Часть 3 из 18 В начало
Для доступа к библиотеке пройдите авторизацию
— Здравствуйте, — сказал Беркович по-русски, — я веду дело о покушении.
Бернштейн распылся в улыбке, но неловко повел плечом и поморщился от боли.
— Рад, что можно в израильской полиции служат крутые русские парни, — сказал он, и Беркович усмехнулся: вот теперь и его самого причислили к крутым, правда по совершенно иному поводу.
Разговаривать с Бернштейном было легко, но после получаса быстрых вопросов и ответов инспектору стало ясно, что он не продвинулся ни на шаг. Во-первых, Бернштейн был убежден в том, что никто из его российских конкурентов не стал бы нанимать в киллеры коренного израильтянина. Во-вторых, он утверждал, что в России вообще нет таких идиотов, чтобы убивать конкурента за границей.
— Послушай, Боря, — говорил Бернштейн, через пять минут после начала разговора перейдя на ты и называя нового приятеля по имени, — послушай, нанимать израильтянина — это куча денег, да еще огромный риск. В Москве убрать человека стоит гораздо дешевле, я не знаю конкретных цен, но говорю тебе, что это так, и можешь мне поверить. Понял, да? Если бы кому-то втемяшилось пустить меня в расход, это сделали бы на Рублевском шоссе, где я живу, а не в Тель-Авиве, где меня еще нужно было вычислить!
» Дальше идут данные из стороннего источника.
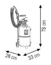 Mobilny pneumatyczny rozpylacz ze zbiornikiem o pojemności 24 L przeznaczony do rozpylania płynów myjących (detergentów), płynów dezynfekujących, olejów o niskiej gęstości, mycia pojazdów i maszyn, grafitowania i smarowania.

— Ваши рассуждения были бы верны, — вставил Беркович, — если бы покушения не было. Но кто-то же в вас стрелял средь бела дня.
— Загадка! Бред! Нет, послушай, это был арабский террорист — вот что я скажу. Просто я под руку подвернулся. Может, он думал, что я член Кнессета?
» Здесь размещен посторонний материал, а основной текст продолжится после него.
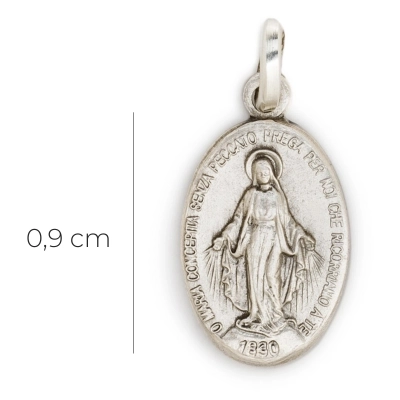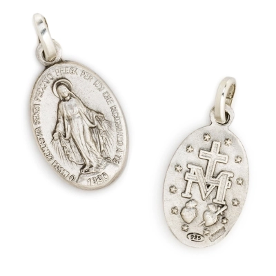 Bellissima medaglia Miracolosa in argento 925, dal peso di 0,7 gr. e altezza di 0,9 cm, riprodotta fedelmente come l'originale, così come apparsa alla veggente Santa Caterina de Labourè nel 1830 a Rue de Bac. La scritta nella parte frontale è in lingua italiana e riporta la seguente frase "O Maria concepita senza peccato prega per noi che ricorriamo a te". La medaglia è dotata di anellino per poter essere appesa ad una catenina ed indossata al collo (catenina non inclusa). La medaglia è estremamente dettagliata e rifinita con cura. Realizzata appositamente per Editrice Shalom, che ne ha seguito direttamente tutta la lavorazione, dalla scultura in plastilina fino alla realizzazione del primo modello. Rigorosamente ideata e prodotto in Italia da un'azienda artigianale e leader nella produzione di medaglie.

В палату вошел врач и сказал:
— Хватит на первый раз.
— Слушай, ты заходи почаще, — сказал раненый, — а то с моими о чем поговоришь? О делах разве что… А Ляльку я вообще сказал чтобы не пускали — незачем ей расстраиваться, пусть загорает на пляже.
Беркович собрал бумаги, дал Бернштейну подписать протокол и вышел в коридор, длинный, как туннель под Ла-Маншем. Раненый телохранитель бизнесмена лежал в соседней палате, но к нему еще не пускали — положение парня было куда серьзнее, чем у шефа, он спал и до завтра врачи не допускали к нему посторонних. В закутке напротив палаты Бернштейна сидели в креслах трое мужчин — одного из них инспектор уже видел, это был телохранитель, счастливо избежавший пули, второй, видимо, был секретарем бизнесмена, а третий…
Беркович остановился в полном недоумении. Третьим в компании был… Исак Бернштейн собственной персоной. Живой и невредимый.
Придав лицу невозмутимое выражение, инспектор подошел и представился.
— Вы… — сказал он, обращаясь к копии Бернштейна.
— Марк Давидов, — встав, протянул руку двойник.
— Вы… — повторил Беркович, думая о том, как бы поточнее сформулировать естественный вопрос. Давидов, впрочем, все прекрасно понял.
— Похож, правда? — сказал он. — Нас всегда путали. Мы ведь с Исаком еще в институте познакомились. Как-то даже экзамен я за него сдавал. Впрочем, он за меня тоже. Бывало всякое.
— Так-так, — сказал Беркович, усаживаясь в свободное кресло. — Вы прилетели вместе с Бернштейном?
Инспектор прекрасно знал, кто прибыл в Израиль вместе с бизнесменом, но ведь Давидов мог прилететь чуть раньше.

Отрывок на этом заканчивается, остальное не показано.